Wednesday, 27 July 2011

A dog's life all the way to Italy in horrendous conditions

"A mountain of cages"
SPAIN/ITALY (Agencies) This site has been writing about animal welfare in its many manifestations, good and bad, for a number of years. Recently, we wrote about how overwhelmed most of the area's refuge centres are at this time of year. And now comes another tragic story. On July 9, one of the Guardia Civil's Seprona units stopped a van carrying 26 dogs to a centre in Northern Italy called Vita, Una Zampa Per Spagna (Life, A Paw for Spain). "A mountain of cages," said Nieves Orellana, President of the Society for the Protection of Animals and Plants, of Cadiz. The ones on the outside of the pile didn't have it so bad, but on the inside ... >>>
And they had no water in a vehicle that was totally inappropriate for transporting animals as there was not ventilation either.

While these dogs were headed for Milan, and Seprona is aware that similar trips go to plenty of other places in Europe, including, Holland, Germany and even Romania, the question remains: Why are so many dogs taken elsewhere?

The alarm has rung louder thanks to this case; indeed, similar trips have been going on for at least a couple of years.
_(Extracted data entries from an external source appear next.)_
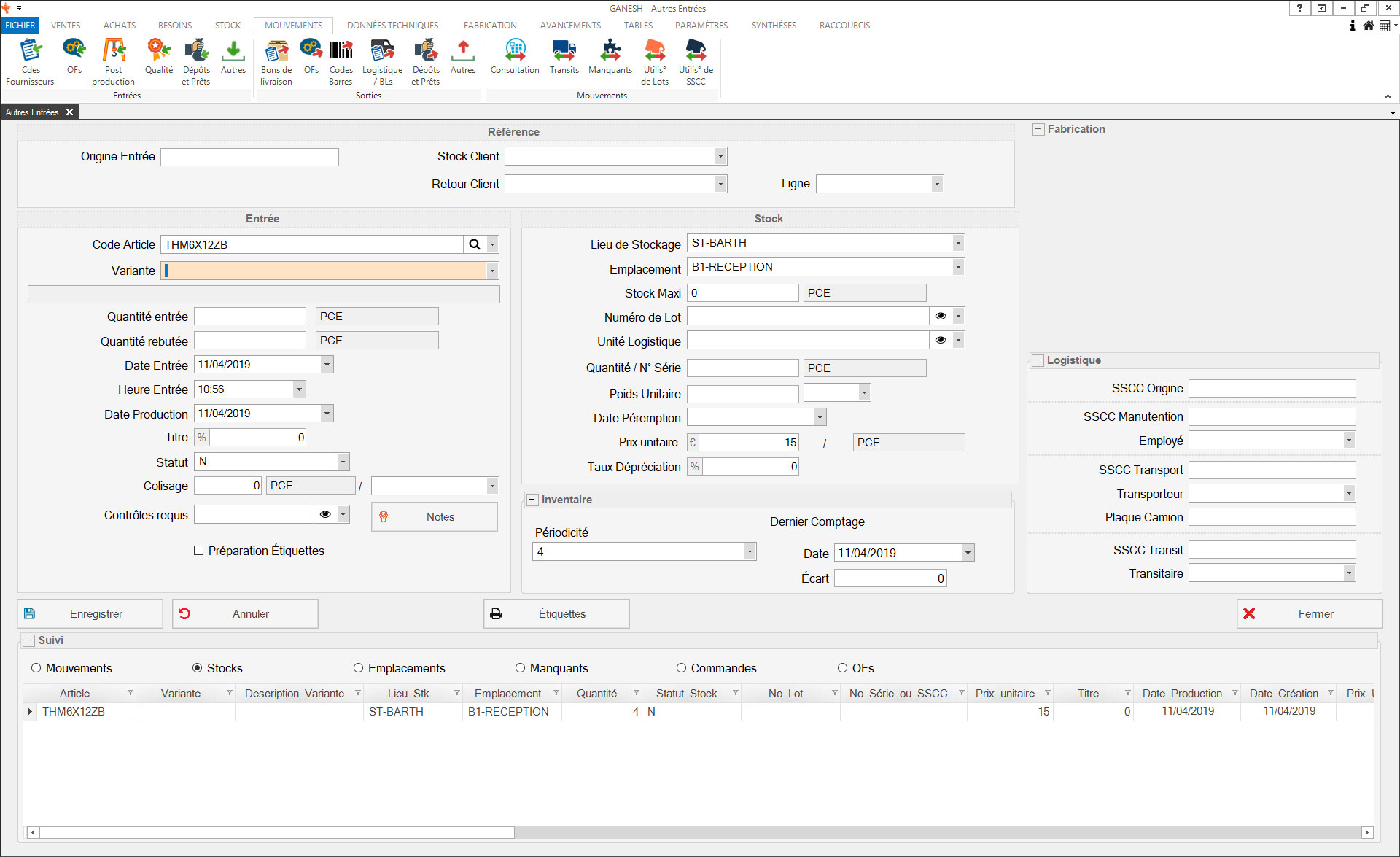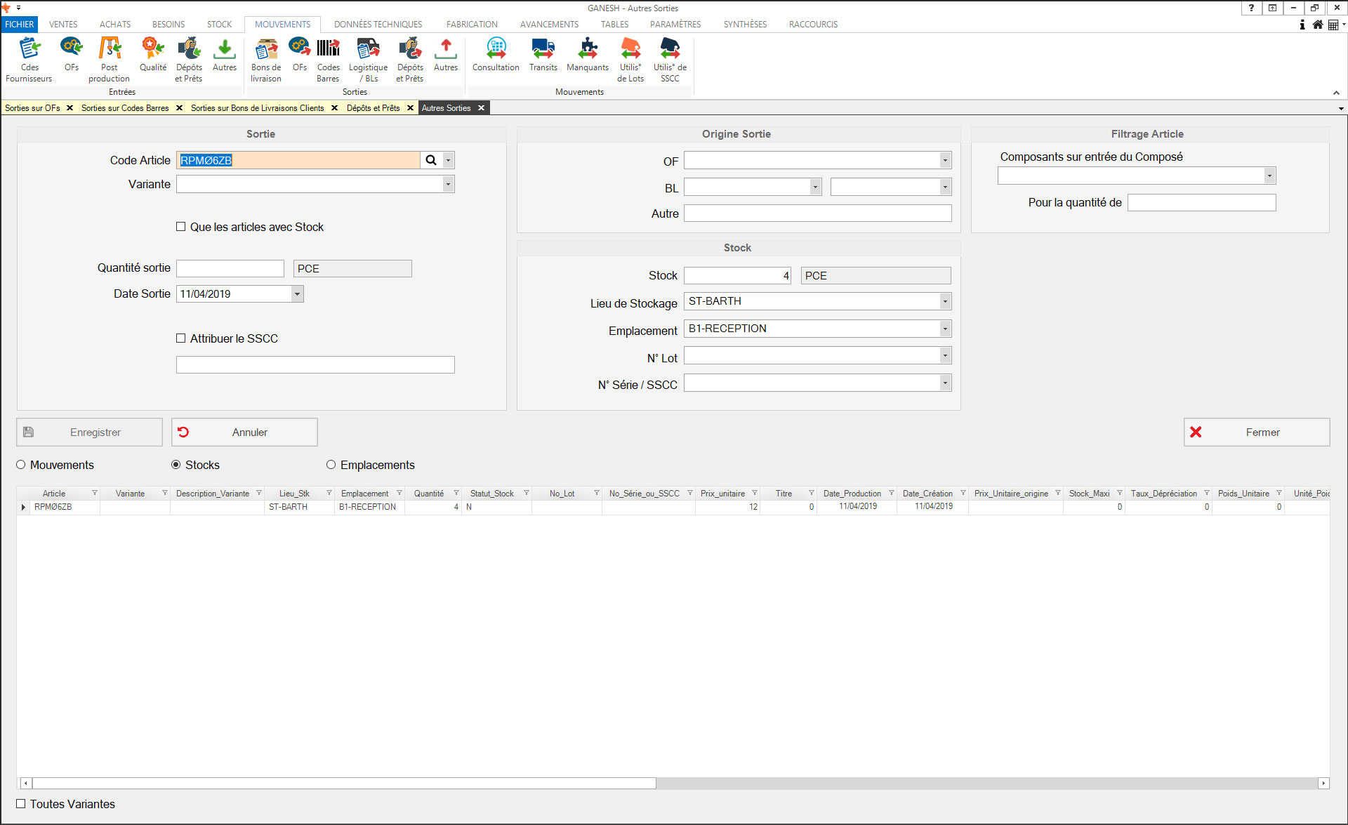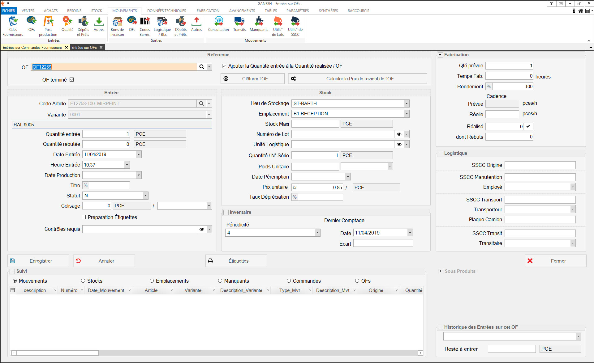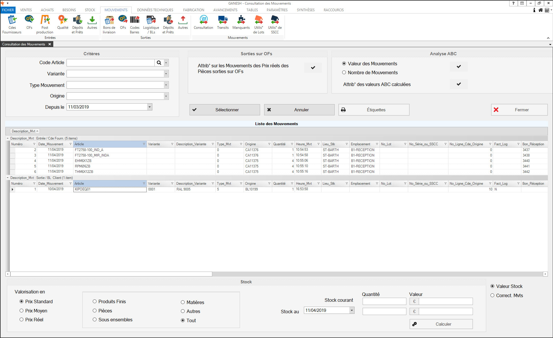 Le module Mouvements permet la gestion des Mouvements Entrées / Sorties pour la gestion des stocks
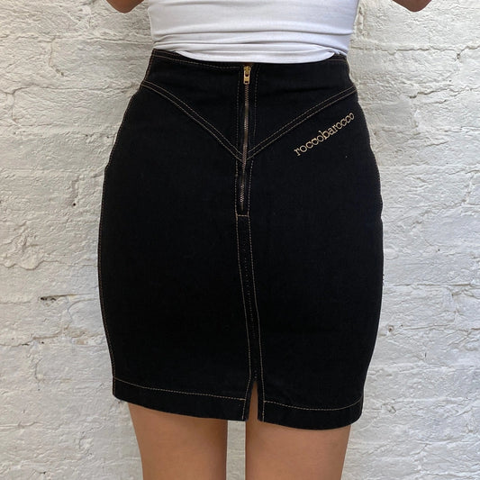 Roccobarocco Skirt - 26W UK 6 Black Cotton
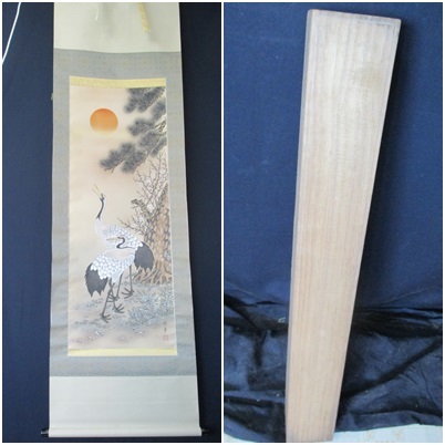 - ☆掛軸 鶴 シミ汚れあり 縦189cm 横54.5㎝ シミ汚れあり あゆ-46☆
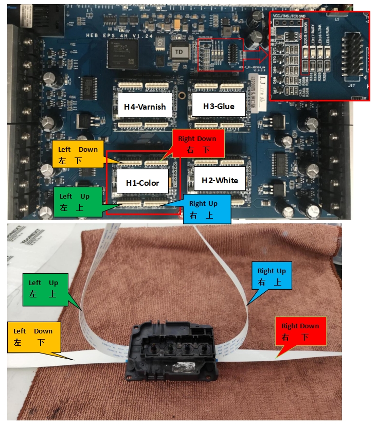 (Note: When plugging and unplugging the print head data cable, it must be operated when the power
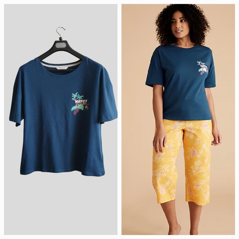 Футболка от хлопковой пижамы верх от пижамы с надписью happy place m&s р.16/ l
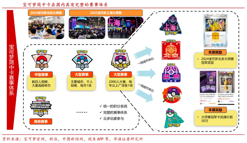經典案例:根據寶可夢官網、新浪、中國新聞網、閑魚APP、華源證券研究所等綜合資訊表明,寶可夢卡牌大力投入國內賽事,形成完備的賽事體系。2023 年,寶可夢卡牌在全國各大城市舉辦了一系列賽事,短時間內形成了完備的賽事體系。大型賽事包括超級賽和大師賽,超級賽在重點城市舉辦,如青島、廈門和成都,人數規模在千人左右,幾乎每月都有一場。大師賽每年在北上廣深各 舉辦一場,人數規模在千人以上,各地高手匯聚一堂,是最高等級的賽事。

The Guardia knows that vans carrying up to 80 dogs have set out from such various places as Valencia, Sevilla, Badajoz and Cádiz. Now, the aim is to find out more about their destinations.

The question is still there but the principal two theories are as follows:

One, that places such as this one in Italy take in animals whose final destiny is death in Spain, which heads the number of abandoned dogs in Europe with 109,074 dogs picked up last year (16,780 in Andalucía alone). They are usually taken to refuge for adoption and are usually put down after 15 days if, unadopted, they end up at an official dog pound. The system in Andalucía, and probably in most other regions, is extremely inefficient: numerous refuges taking in too many animals are overwhelmed and, because their volunteers are too busy taking care of the animals, do not get together as pressure groups to make sure the laws on animal welfare are applied by the many layers of policing in the country.

However, it is understood that the Italian refuges are in the opposite position, which is curious, given that a law was approved there in 2003 that prohibits animal sacrifice.

The second theory is a matter of money. As putting them down is illegal, the refuges get subsidies: the more animals they have, the bigger the subsidies. Good business.

Whethter the same is true in other countries to which dogs and cats are sent from Spain, we do not know (Do you? Please let us know!).

Neverhtless, the Spanish Guardia Civil cannot do anything about it once the animals have left the country, so they are limited to making sure the animals are transported according to European regulations, which include proper temperature regulation and water supply for journeys longer than eight hours.